| Activity |
Set down only the lines from the one containing "Il vano della" through the final line of the entries below, exactly as they stand, with no pictures.

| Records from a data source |
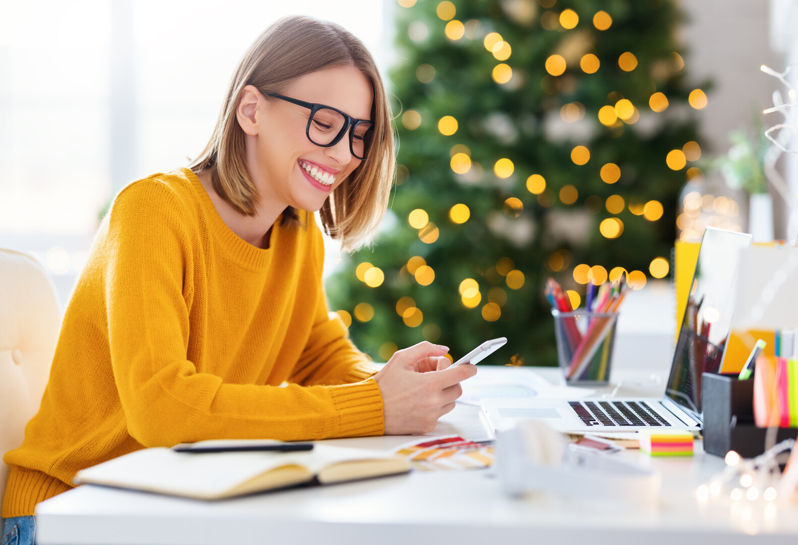 A person in a yellow sweater sits at a desk, using a smartphone while facing a laptop. A notebook and colorful sticky notes are also on the desk. In the background, a Christmas tree is adorned with lights, suggesting a festive atmosphere in a cozy in
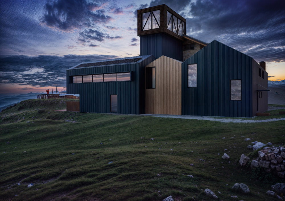 Il vano della nuova scala principale è rivestito da lamiera di colore azzurro ed è coronato da un “belvedere” in lamiera, (dello stesso colore grigio del tetto esistente), e da vetrate sui quattro lati. Questo volume ricorda una “torre di avvistamento”, e diventa un “punto cospicuo” per chi, arrivando da lontano, identifica in questo modo più facilmente il rifugio, grazie anche alla luce che emanano le sue ampie vetrate all’imbrunire. Il “belvedere” funge da punto privilegiato con vista a 360° sulle montagne circostanti per chi si trova al suo interno grazie alla sua posizione elevata rispetto agli altri volumi.
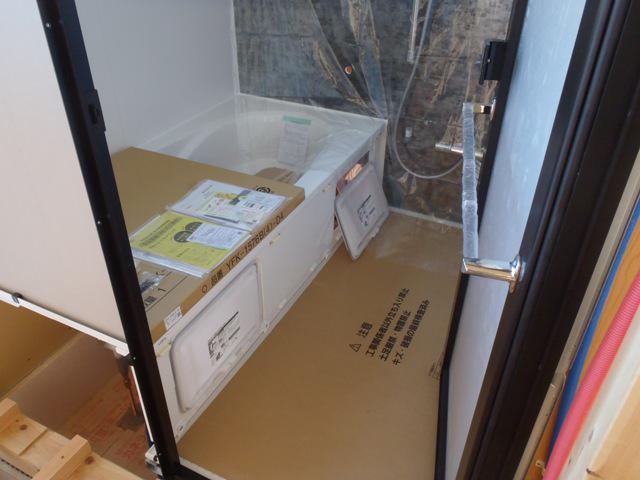 ・15日ユニットバス据付設置しました。浴槽エプロン部取付て ありませんが、給水・給湯、追い焚き管、通水試験(仕上げ 工事時)後に設置します。 ・木工事2階天井を納め、1階天井下地組み及びボード貼り、外壁 材下地木材打ちへと進めています。
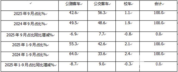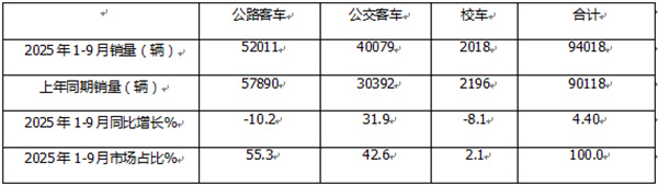 那么2025年9月及1-9月公路、公交和校车三大细分市场销量有何主要特点?现予以简要分析。
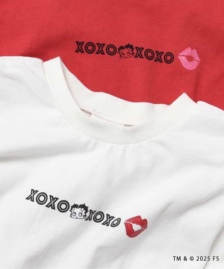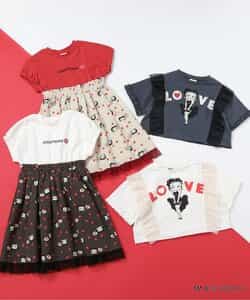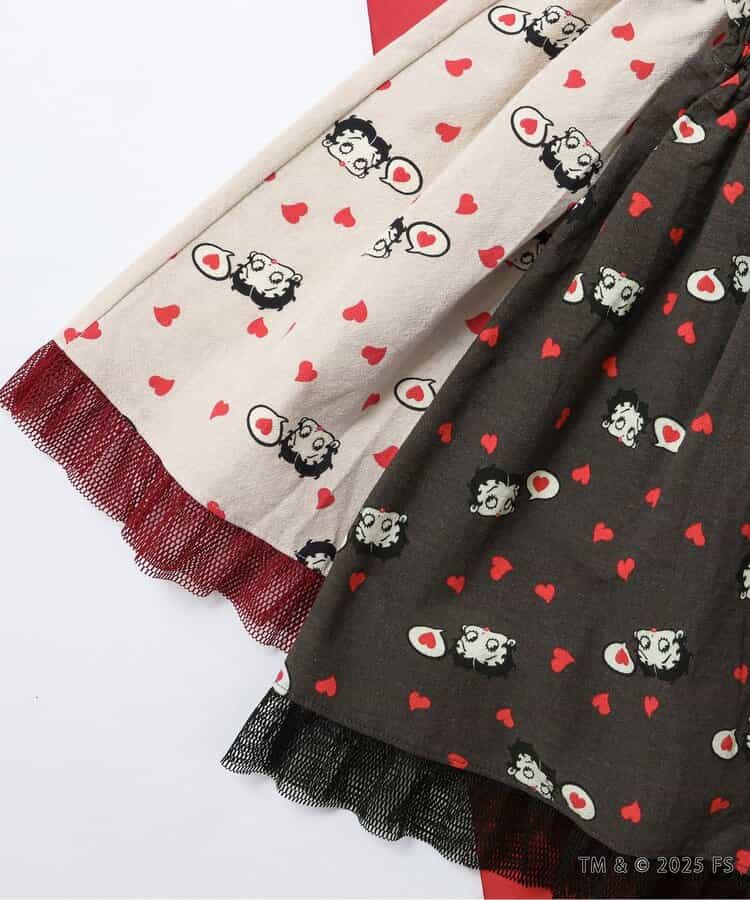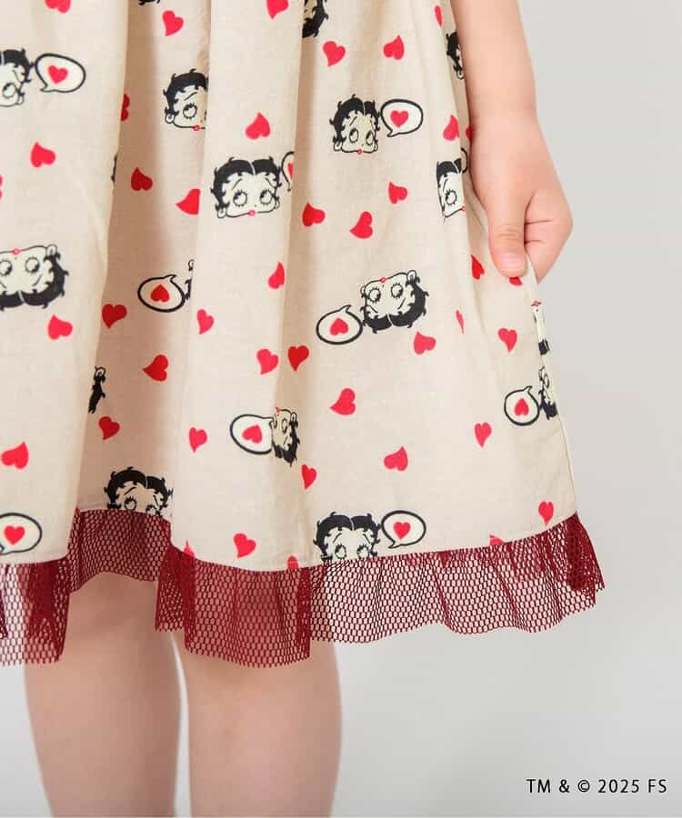 【Betty Boop (TM)】主役級のワンピースが登場♪ベティーちゃん×ハートの総柄はインパクト大!ウエストの切替でスタイルUPも叶っちゃう・・♪お袖のふんわりとしたシルエットや、裾のメッシュ素材のフリルなど細かいところもこだわりポイント◎トップスはカットソー素材で夏のお出かけにピッタリ♪おともだちや姉妹でリンクコーデもおすすめです!
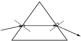 14. 如下图所示,一束光射向三棱镜,请画出这束光两次折射的大致光路。
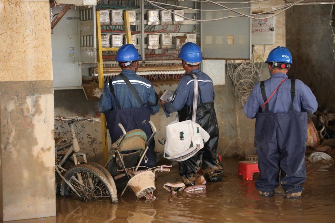 没有灯光,脚下的淤泥尚未退去,狭小的配电房,闷热潮湿的天气……让这场复电抢修战开展得异常艰辛。靠着安全帽上的头灯,一组又一组的抢修人员摸黑在拆装设备。
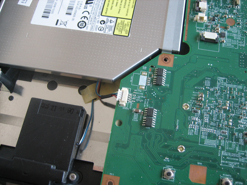 マザーボードを外すにはマザーボード右上のネジ1本(写真左)とコネクタ個(写真右)をはずします。

| Your solution |
 Il vano della nuova scala principale è rivestito da lamiera di colore azzurro ed è coronato da un “belvedere” in lamiera, (dello stesso colore grigio del tetto esistente), e da vetrate sui quattro lati. Questo volume ricorda una “torre di avvistamento”, e diventa un “punto cospicuo” per chi, arrivando da lontano, identifica in questo modo più facilmente il rifugio, grazie anche alla luce che emanano le sue ampie vetrate all’imbrunire. Il “belvedere” funge da punto privilegiato con vista a 360° sulle montagne circostanti per chi si trova al suo interno grazie alla sua posizione elevata rispetto agli altri volumi.
 ・15日ユニットバス据付設置しました。浴槽エプロン部取付て ありませんが、給水・給湯、追い焚き管、通水試験(仕上げ 工事時)後に設置します。 ・木工事2階天井を納め、1階天井下地組み及びボード貼り、外壁 材下地木材打ちへと進めています。
 那么2025年9月及1-9月公路、公交和校车三大细分市场销量有何主要特点?现予以简要分析。
 【Betty Boop (TM)】主役級のワンピースが登場♪ベティーちゃん×ハートの総柄はインパクト大!ウエストの切替でスタイルUPも叶っちゃう・・♪お袖のふんわりとしたシルエットや、裾のメッシュ素材のフリルなど細かいところもこだわりポイント◎トップスはカットソー素材で夏のお出かけにピッタリ♪おともだちや姉妹でリンクコーデもおすすめです!
 14. 如下图所示,一束光射向三棱镜,请画出这束光两次折射的大致光路。
 没有灯光,脚下的淤泥尚未退去,狭小的配电房,闷热潮湿的天气……让这场复电抢修战开展得异常艰辛。靠着安全帽上的头灯,一组又一组的抢修人员摸黑在拆装设备。
 マザーボードを外すにはマザーボード右上のネジ1本(写真左)とコネクタ個(写真右)をはずします。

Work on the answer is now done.